Buyer shall have thirty (30) days to decide internally whether it 
wishes to purchase or lease the property at such price and on such 
terms, and, if so, Buyer shall have another thirty (30) days to 
obtain the approval of its parent corporation(s). Seller agrees to 
provide Buyer with notice of the acquisition of any after-acquired 
real estate used in connection with its aggregate and hot mix 
business, and Seller agrees to execute any such instruments for 
recordation on the appropriate land records as Buyer shall 
reasonably request. For purposes of this Section 16, the term 
``Seller'' shall include not only the Frank W. Whitcomb Construction 
Corp. (``FWWCC''), but also any other company, corporation, trust, 
partnership, association or entity of any form in which either 
FWWCC, Claire R. Whitcomb, Frank L. Whitcomb or the Frank W. 
Whitcomb Trust shall have an interest whether direct or indirect.

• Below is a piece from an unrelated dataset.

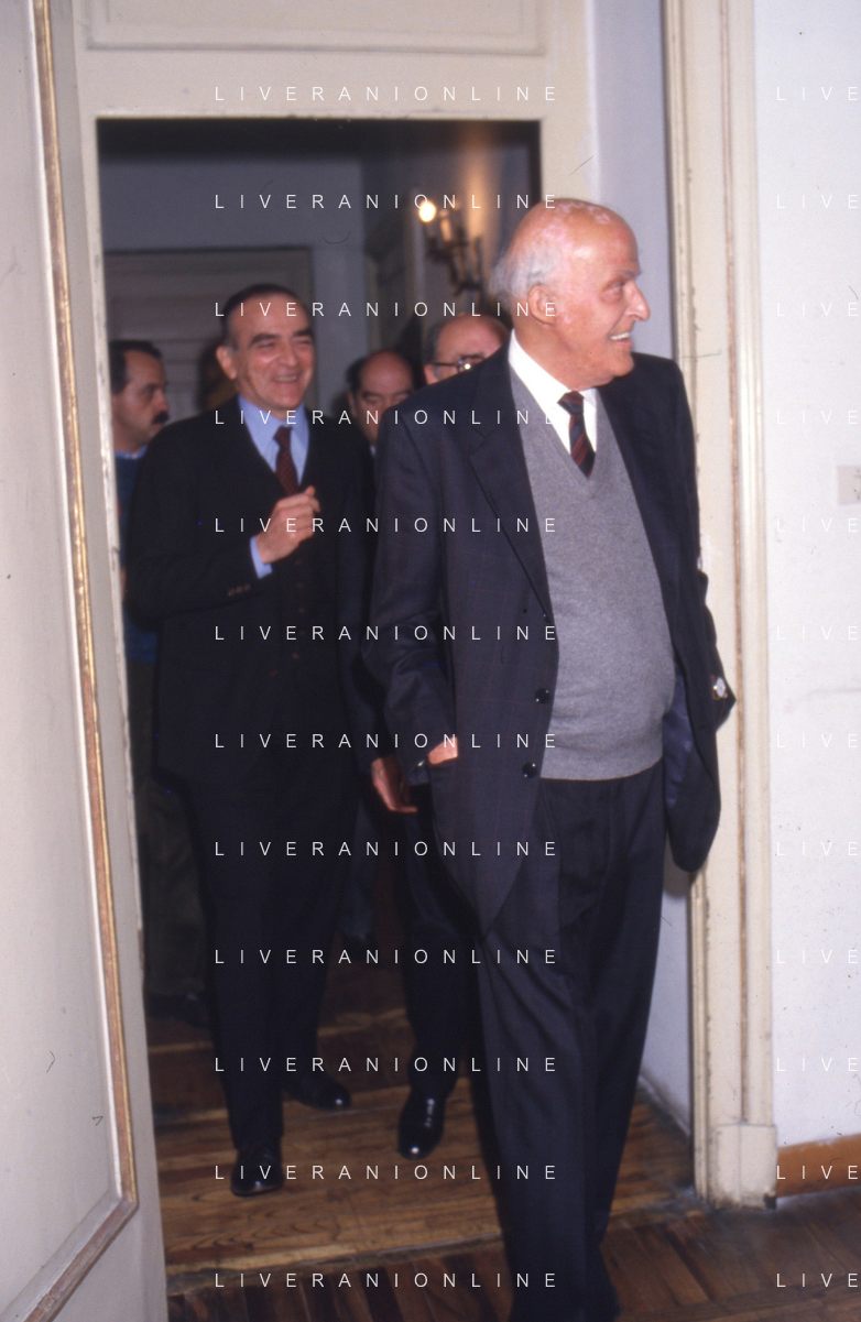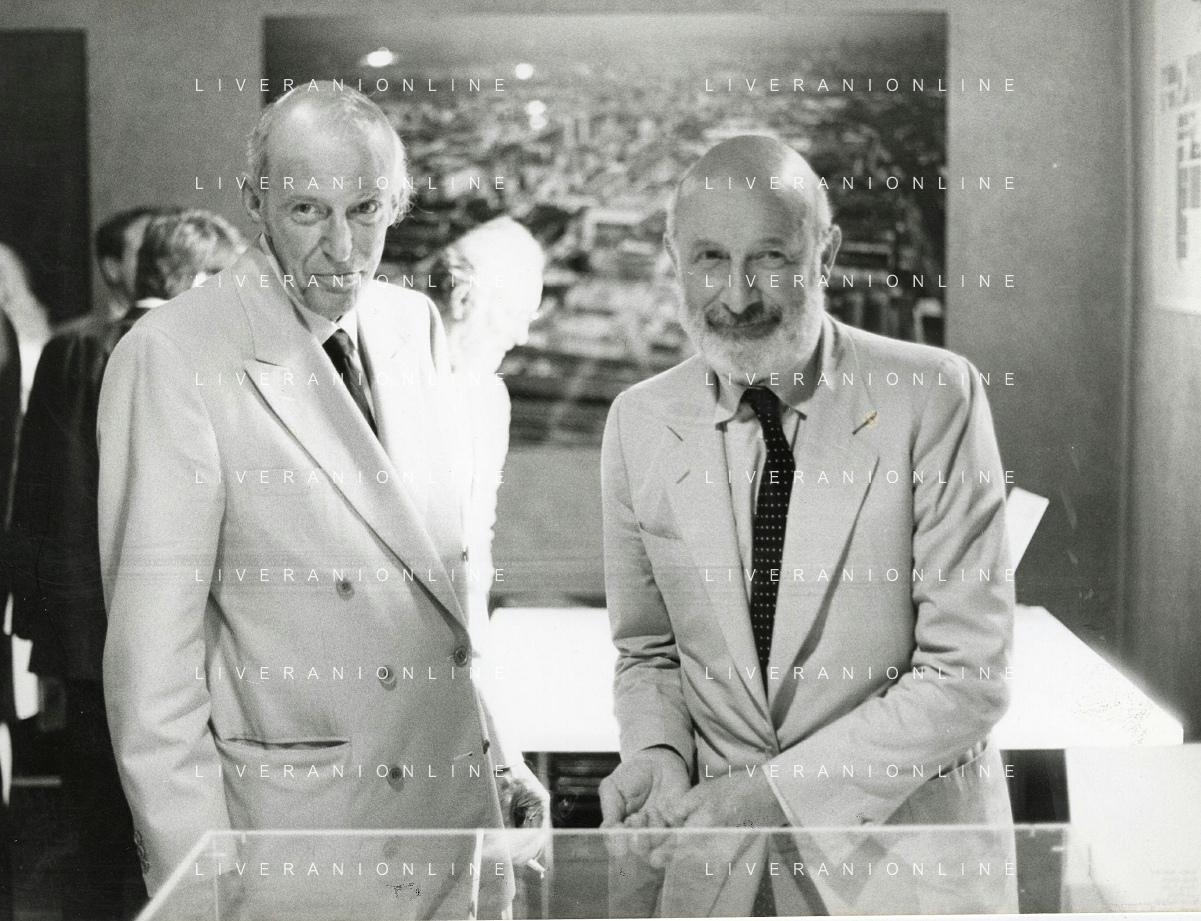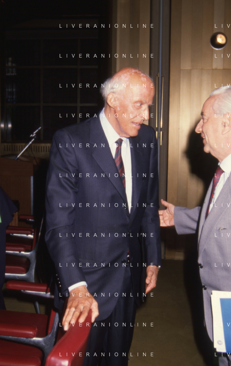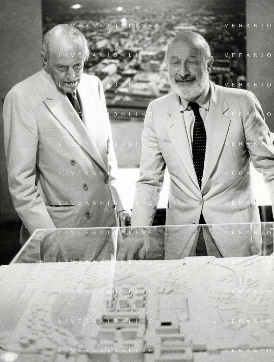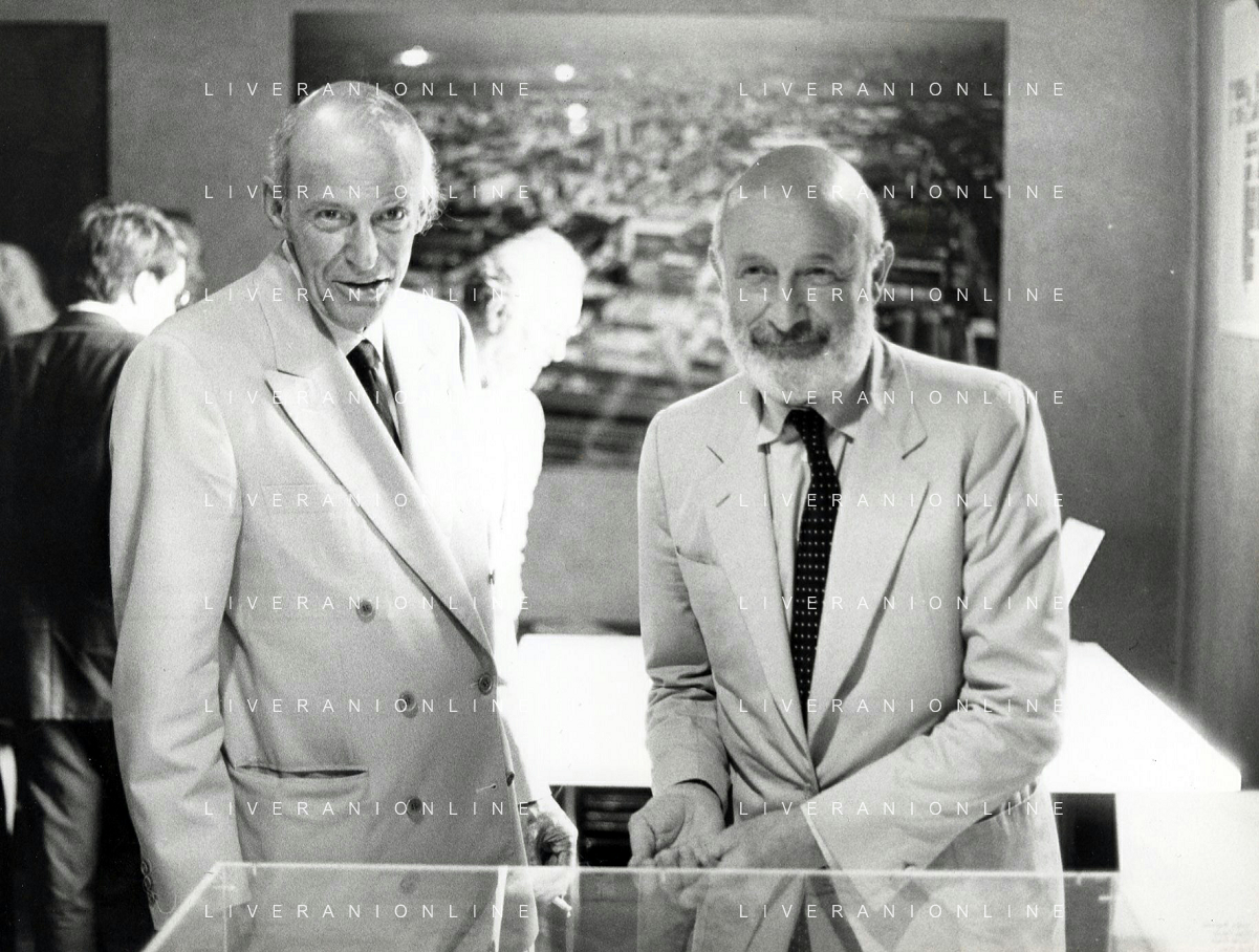 ST-RETROSPETTIVA LEOPOLDO PIRELLI INDUSTRIALE NELLA FOTO LEOPOLDO PIRELLI NELL'ANNO 1988 A MILANO CON VITTORIO GREGOTTI AG ALDO LIVERANI SAS

    (b) Frank L. Whitcomb and the Frank W. Whitcomb Trust, (the 
``shareholders'') agree not to sell or transfer more than one-third 
of the outstanding shares of stock of Seller to any other person 
without in each and every case first offering to sell any such 
business assets or shares of stock at the same price and on the same 
terms as offered to any such person. As to any proposed sale 
exceeding one-third of the share, Buyer shall have sixty (60) days 
in which to exercise the right of first refusal granted hereunder. 
The sixty (60) day period shall commence after written notice to 
Buyer and the delivery of all information reasonably necessary to 
enable Buyer to make a decision. Notwithstanding the foregoing, the 
shareholders shall be free to transfer shares to any family member 
or any trust or other entity established for the benefit of any 
family member provided that the transferee agrees to be bound by the 
same terms and conditions hereof.
    (c) Seller agrees that it shall not issue any shares of stock, 
or warrants, options or other rights to acquire shares of stock, to 
any persons other than Frank L. Whitcomb or the Frank W. Whitcomb 
Trust if the issuance of such shares of stock would result in the 
aggregate ownership of the Frank L. Whitcomb or the Frank W. 
Whitcomb Trust (or any transferees permitted under paragraph (b) 
above) to be less than two-thirds of the total stock issued and 
outstanding, computed on a fully diluted basis.